Was reading an article about cardio the other day, can't remember where it was but it mentioned that the golden era BBers used to do steady state cardio and BBers still continue to do so. Obviously it's worked for them.

I like to mix it up, few days a week fasted LISS and a couple of HIIT sessions, it's getting me closer to where I want to be


----------



## Smitch (Dec 29, 2008)

What's cardio?


----------



## Robbie789 (Sep 6, 2012)

tl;dr

When you're on cycle I don't think you need to worry about it as much as the risk of muscle lose is reduced. Naturals have to be more careful with cardio and have a balance of LISS/HIIT and try to avoid doing weights and LISS cardio one after the other when at low bf levels.


----------



## gripa (Mar 12, 2012)

My avi was using steady state cardio, diet and weights, nothing more strenuous than walking for cardio, why put your body under excess stress?


----------



## Guest (Jun 6, 2014)

Steady state all the way for me, better for muscle preservation also.


----------



## Dazza (Aug 7, 2010)

Likewise, I'd rather use the energy for hitting the weights hard.

The cardio is there purely to get leaner, just throw on a film and switch off.


----------



## JayJay031 (Sep 6, 2013)

simonthepieman said:


> Why all the negativity towards paragraphs?


yeah sorry i was rushing this thread this morning before work....


----------



## JayJay031 (Sep 6, 2013)

Big ape said:


> as said above what ever u prefer , but i would rather do HIIT for 20 mins then stand on a treadmill at the same pace for 45mins


The only thing about HIIT training is you can't do it everyday unlike steady state. With steady state I can stay consistent and it helps my body recover after every weight session. And for those of you saying steady state doesn't burn calories I am not sure what type of cardio you do but I can burn 800 plus calories in less then 45 minutes.


----------



## JayJay031 (Sep 6, 2013)

Big Man 123 said:


> Because it does nothing for you, more than warming the body and spending a tiny, negligible amount of calories but it also makes you a lazy person and waste a valuable time.
> 
> Whatever is your personal definition of health, it comes from proper cardio, period.
> 
> People doing steady cardio are hiding their laziness behind a "logical" self made reason on why it is good but is not, it won't make you lean, it won't improve your cardiovascular health, it won't improve you muscle recovery and it won't spend a considerable amount of calories, it won't do anything.


Everything you just said in your reply, is this from personal experience?
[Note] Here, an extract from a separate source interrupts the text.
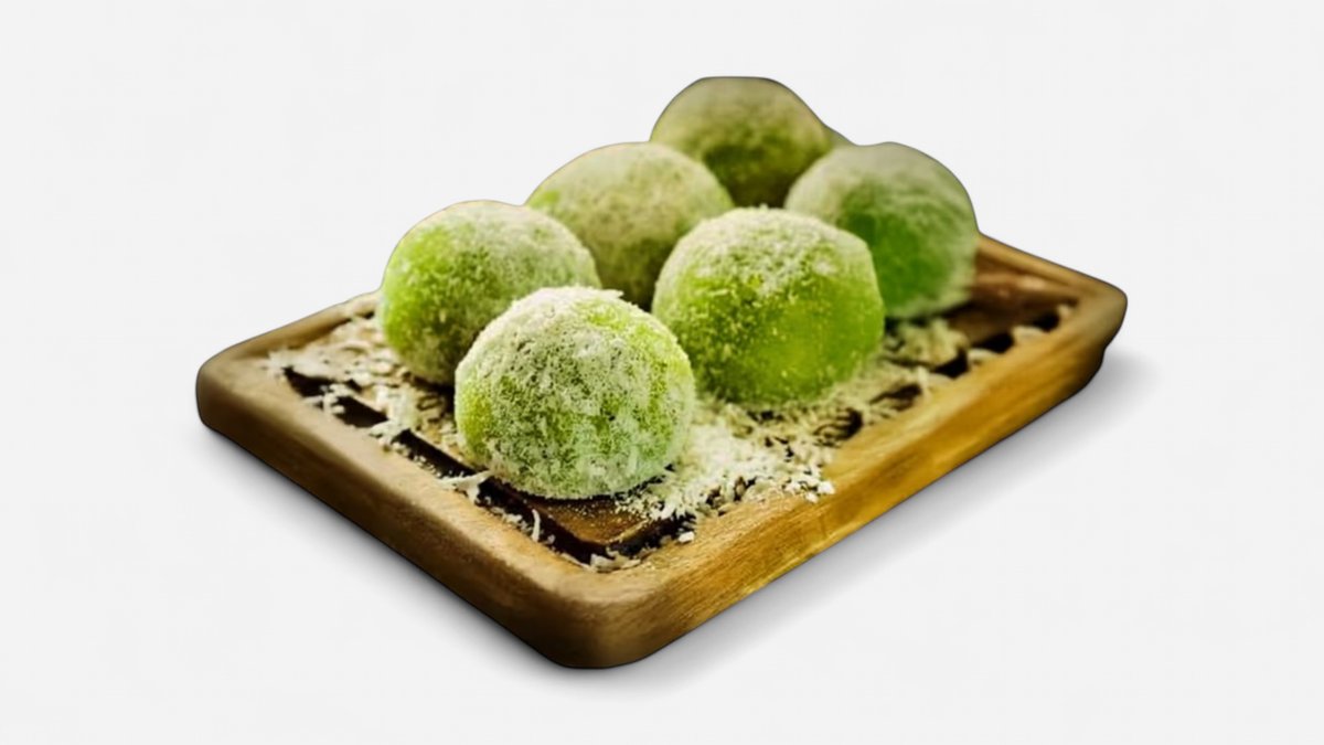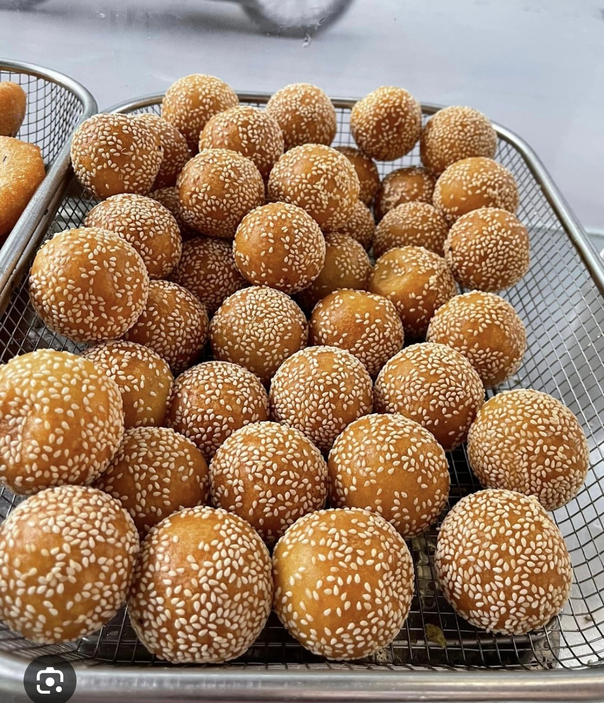 Smažený dezert z rýžového těsta plněný sladkou směsí fazolek a kokosu

Like did you take several months out of your time to actually research this on yourself or is it mostly from reading articles or what someone else has told you in the past? I am just interested in some of your points especially the lazy one...


----------



## Contest (Oct 4, 2011)

I think when people say steady state cardio is sh1t, they're forgetting that we're weight training anywhere from 3-6 days a week also.

In my opinion for the average chubby guy who doesn't workout, HIIT would yield better results but for someone competing and bodybuilding, why waste extra energy on HIIT?
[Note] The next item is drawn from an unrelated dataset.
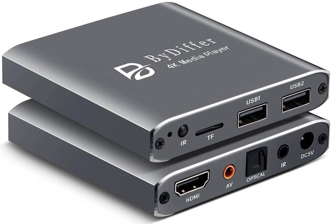 | Description: | ByDiffer 4K Ultra HD Digital Media Player For USB Drive / Micro SD Card, H.265 / HEVC, Digital Signage, Auto Playback & HDMI/AV/Optical Output, Grey | |||

I workout 6x a week (weights) and have done HIIT and LISS. Haven't noticed any difference in body composition from the two but I can tell you that after about 3-4 weeks, my body feels absolutely destroyed due to HIIT which then has a carry over effect to my weight training sessions.


----------



## Mclovin147 (Nov 11, 2013)

Anything that gets the heart pumping faster burns calories end of story.

So I guess it's just a matter of personal preference.

Why run anyway....Clen.


----------



## a.notherguy (Nov 17, 2008)

Big Man 123 said:


> Because it does nothing for you, more than warming the body and spending a tiny, negligible amount of calories but it also makes you a lazy person and waste a valuable time.
> 
> Whatever is your personal definition of health, it comes from proper cardio, period.
> 
> People doing steady cardio are hiding their laziness behind a "logical" self made reason on why it is good but is not, it won't make you lean, it won't improve your cardiovascular health, it won't improve you muscle recovery and it won't spend a considerable amount of calories, it won't do anything.


i have a 10mile race coming up and am jogging 4 times a week. on sunday i will be doing a 10mile cross country on the north york moors in a thunder storm probably :sad:. i dont think that makes me lazy when it would be so much easier to go do some hit in the gym, but that will not improve my fitness to the level i need it to be. only hard work and long distances will do that :thumbup1:


----------



## Scott9585 (Oct 4, 2013)

Never heard anyone bad mouthing steady state cardio. People who are saying it does nothing obviously haven't tried it stacked with a clean diet.

My body fat drops significantly when I introduce fasted steady state cardio at 130bpm.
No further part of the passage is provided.